Carter, we should note, has been cozying up to North Korea for years. He helped the U.S. and the communist country come to agreement during the Clinton years to defuse a tense situation over North Korea’s nuclear weapons program.

Under the wacko deal Carter arranged, the U.S. would stop complaining about Korea's nuclear weapons program as long as the U.S. gave aid to North Korea and helped the communists build more modern nuclear reactors.

The U.S. was well on the path to doing this when the new Bush administration sounded the alarm and immediately stopped the cockamamy plan dead in its tracks.

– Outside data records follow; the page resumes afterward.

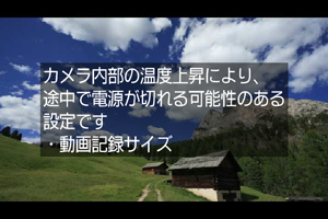このガイダンスは、現在の設定で動画を撮影すると、撮影中にカメラ内部の温度が上昇し、さらに撮影を続けると自動的にカメラの電源が切れる可能性があることを示しています。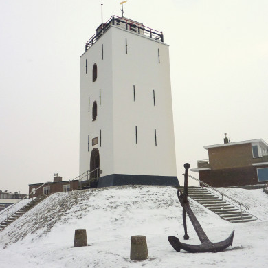 VUURBAAK. Aan Z. zijde van het dorp, bepleistering modern, dateert van 1605.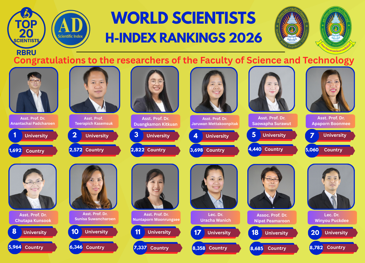 ขอแสดงความยินดีกับนักวิจัยคณะวิทยาศาสตร์และเทคโนโลยี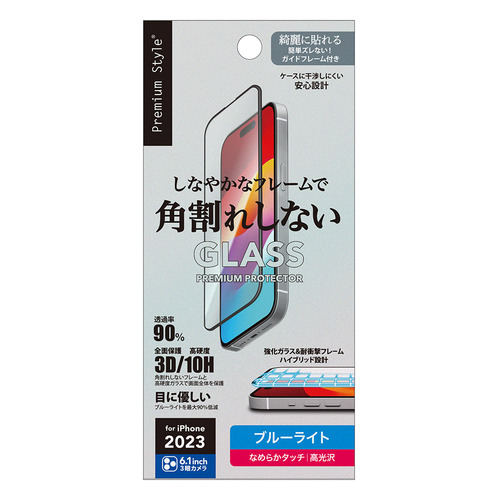PGA PG-23BGLF03BL iPhone15 Pro ガイドフレーム付 液晶全面保護ガラス 角割れ防止PETフレーム Premium Style ブルーライト低減/光沢 PG23BGLF03BL

North Korea was not cooperating with the U.S. to stop its weapons program, but we should continue helping them to build nuclear reactors. Make sense?

Of course not.

But that's Jimmy Carter for you.

It's also Jimmy Carter the hypocrite. Carter has always claimed to be the champion of human rights worldwide.

Yet North Korea is one of the most, if not the most, repressive regimes on the planet.

The Stalinist nation is headed by a young madman named Kim Jong-il. Kim likes to watch American movies like "The Texas Chainsaw Massacre" and then act out his fantasies on his own citizenry. Millions of North Koreans are starving at any given time.

Does Carter have much to say about this?

Of course not. North Korea is an enemy of the U.S., so Carter goes easy on them. When he met Kim, Carter didn't criticize him – he kissed him!

But there is nothing new here.

The media would have us forget Jimmy Carter's presidential record.

But I won't.

Remember Carter's human rights program, where he demanded the Shah of Iran step down and turn over power to the Ayatollah Khomeini?

No matter that Khomeini was a madman. Carter had the U.S. Pentagon tell the Shah's top military commanders – about 150 of them – to acquiesce to the Ayatollah and not fight him.

The Shah's military listened to Carter. All of them were murdered in one of the Ayatollah's first acts.

By allowing the Shah to fall, Carter created one of the most militant anti-American dictatorships ever.

Soon the new Iranian government was ransacking our embassy and held hostage its staff for over a year. Only President Reagan's election gave Iran the impetus to release the hostages.

I believe Carter's decision to have the Shah fall is arguably the most egregious U.S. foreign policy mistake of the last 50 years. [Former President Bush's decision to allow Saddam Hussein to stay in power is a close second.]

With the Shah gone, the whole region was destabilized. The Soviet Union invaded Afghanistan; no doubt a direct link to the rise of the Taliban can be traced to this invasion. Iraq also took advantage of the Shah's departure to invade Iran. A long war followed that helped make Saddam's Iraq a great Middle Eastern power.

And decades after Carter's ignominious act, Iran is still bent on destroying America. President Bush named it one of the three nations in the "axis of evil." Iran is developing both nuclear weapons and the missiles to deliver these weapons to its enemies.

We can thank Jimmy Carter for all of this.

Since Carter left the presidency, he has had little to say about the human rights abuses in Iran. Why should he? Iran opposes the U.S.